▸ **Work required**:
Copy out the data below from the line containing "Our stall showcased" to the line containing "SLEP detalla medidas", both lines included, with all images left out.

▸ **Exercise material**:

——————

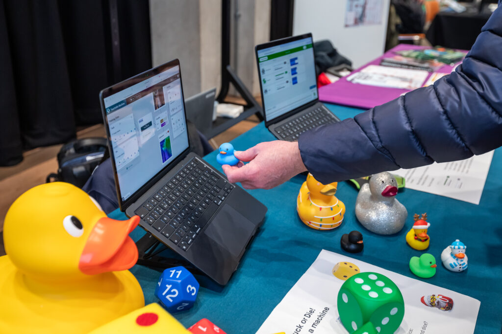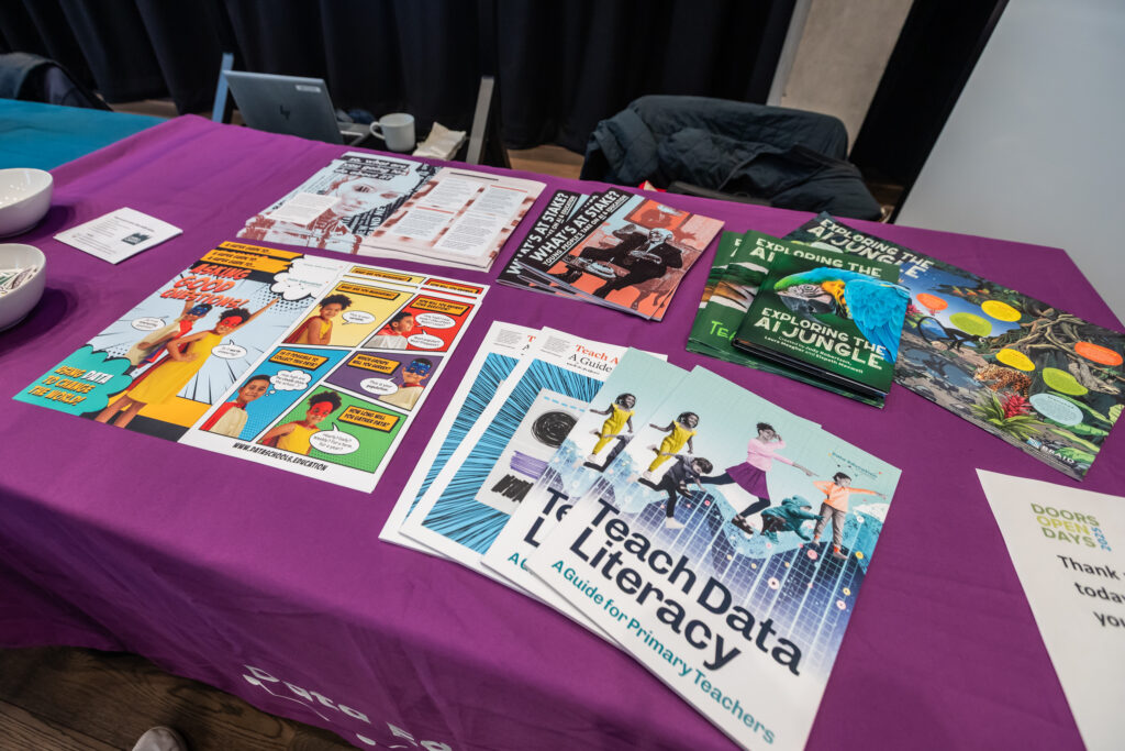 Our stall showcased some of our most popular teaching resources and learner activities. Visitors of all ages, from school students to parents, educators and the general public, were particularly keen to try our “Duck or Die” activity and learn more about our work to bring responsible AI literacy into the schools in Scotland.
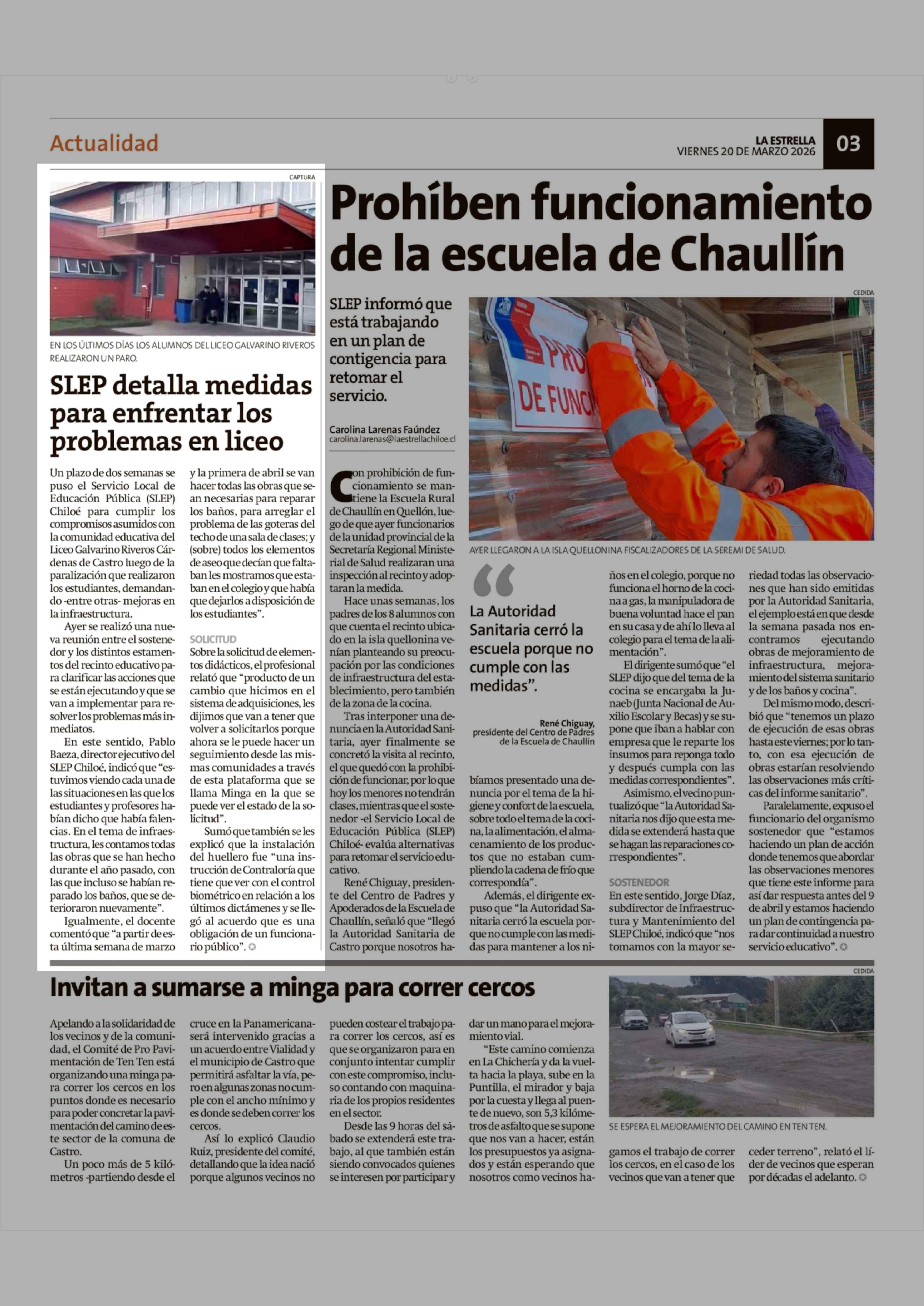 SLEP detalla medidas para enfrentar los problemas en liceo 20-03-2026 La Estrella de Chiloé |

——————

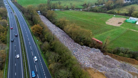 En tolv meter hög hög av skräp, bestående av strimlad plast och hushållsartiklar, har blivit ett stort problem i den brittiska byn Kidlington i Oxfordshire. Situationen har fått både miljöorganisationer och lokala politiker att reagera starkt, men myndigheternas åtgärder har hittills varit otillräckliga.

——————

▸ **Solution to this exercise**:
 Our stall showcased some of our most popular teaching resources and learner activities. Visitors of all ages, from school students to parents, educators and the general public, were particularly keen to try our “Duck or Die” activity and learn more about our work to bring responsible AI literacy into the schools in Scotland.
 SLEP detalla medidas para enfrentar los problemas en liceo 20-03-2026 La Estrella de Chiloé |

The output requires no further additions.